As a first step he decided to join hands with like-minded individuals and launched the Suraya Foundation, in his sister's memory, which aims to prevent road accidents by making motorists aware of the need to be alert and careful, and most importantly, responsible individuals, when they are behind the wheel.
According to a survey earlier this year (January 4, 2011) by the Roadway Transportation and Traffic Safety Research Centre (RTTSRC), road crashes and injuries cost the UAE as much as Dh20 billion annually. Car crashes result in an average of 2.7 fatalities per day.
The good news is the number of fatalities is dropping. Dubai Police's annual report indicates fatalities have decreased by about 32 per cent in 2009 (compared to the previous year) with 225 road fatalities reported. The number fell to 153 during 2010.

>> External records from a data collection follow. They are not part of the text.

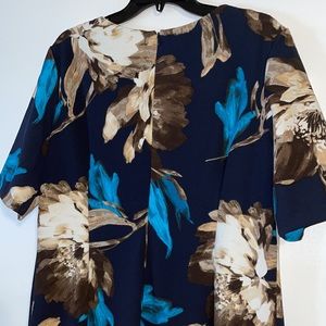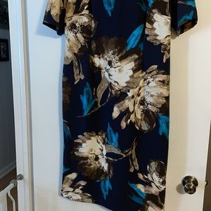 BNWOT Liz Claiborne flower pattern dress in navy, teal, brown, and cream. Knee length. Polyester/Spandex. Super flattering on!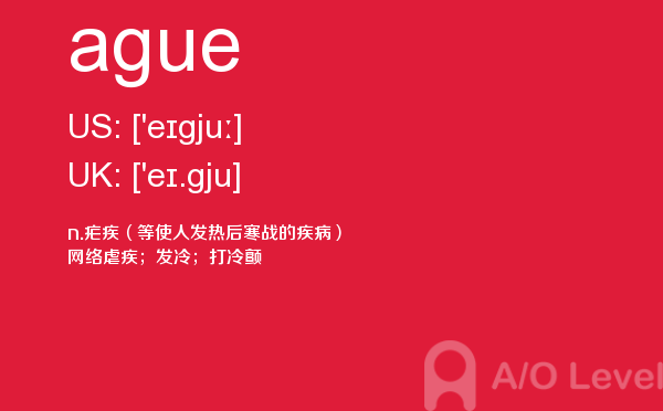 英国高中课程(a-level)的学制为两年:第一年称为as水准,学生通常选择自己最擅长且最有兴趣的3—4门课,通过考试后获得as证书。第二年称为a2水准,学生可选择as水准中优秀的3门课继续学习,通过考试后获得a-level证书。关于a-level学制相信大家肯定有一定的了解,今天alevel考试网想要带大家了解的并不是a-level学制的问题,想要介绍的是a-level重难点单词ague,希望对大家有帮助。如果您想了解alevel课程选课,考alevel多少钱,上海alevel辅导哪家好,alevel经济考试原题等关于a-level考试的相关资讯,请继续浏览并关注课窝a/o-level考试网。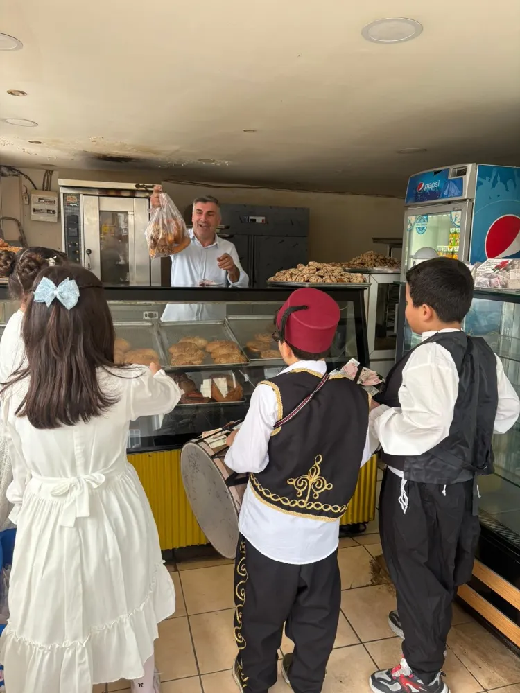 Osmaniye’de ilkokul öğrencileri, geleneksel kıyafetlerle Ramazan manileri okuyarak esnafı ziyaret etti. Gül lokumu dağıtan öğrencilerin topladığı bahşişlerle ihtiyaç sahibi öğrencilere bayramlık alınacağı belirtildi.
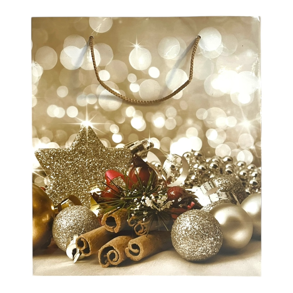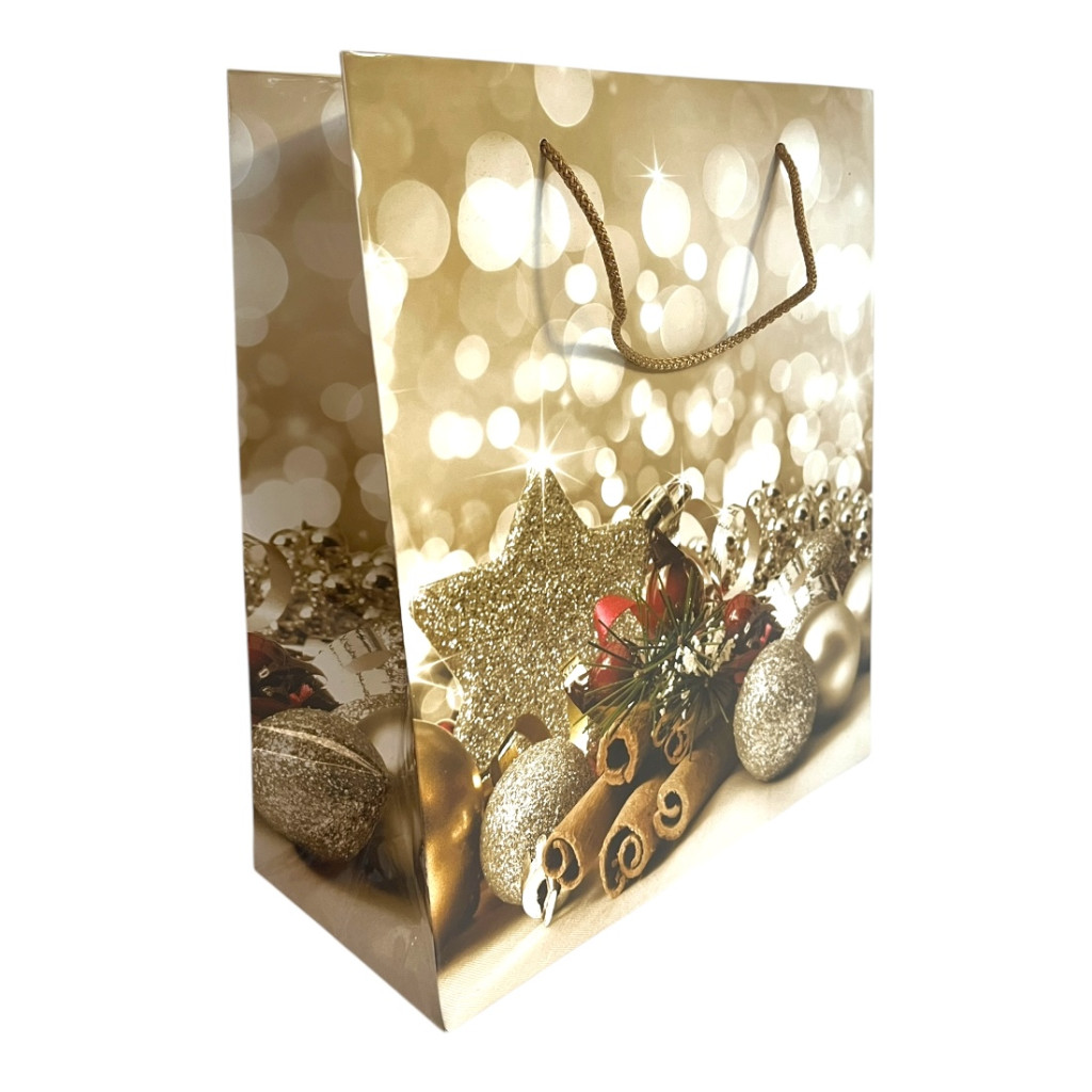 Papírtasak, fahéj, díszek, 26,5x30 cm

According to the World Health Organisation, 3,000 people die on the world's roads every day and several million are injured or disabled each year. Road accidents cost governments about $600 billion, a figure that is equivalent to the combined GDP of almost all the developing countries in the world.
Spreading the message
One of the efforts the Suraya Foundation has made is to come up with different campaigns, including its most recent one, "Are You Reckless?" which aims, through a series of hard-hitting radio commercials in Arabic, Hindi and English, to force drivers and motorists to question whether they are driving safely.
"Our wish is to make the roads in the UAE absolutely safe, and one way to do that is to appeal to drivers, through appealing to their psyche. These advertisements all focus on real-life emotional situations. For instance, there is one of a couple talking to each other on their mobile phones. As the husband asks about their kids, there is a ear-splitting screech and the sound of a car crash.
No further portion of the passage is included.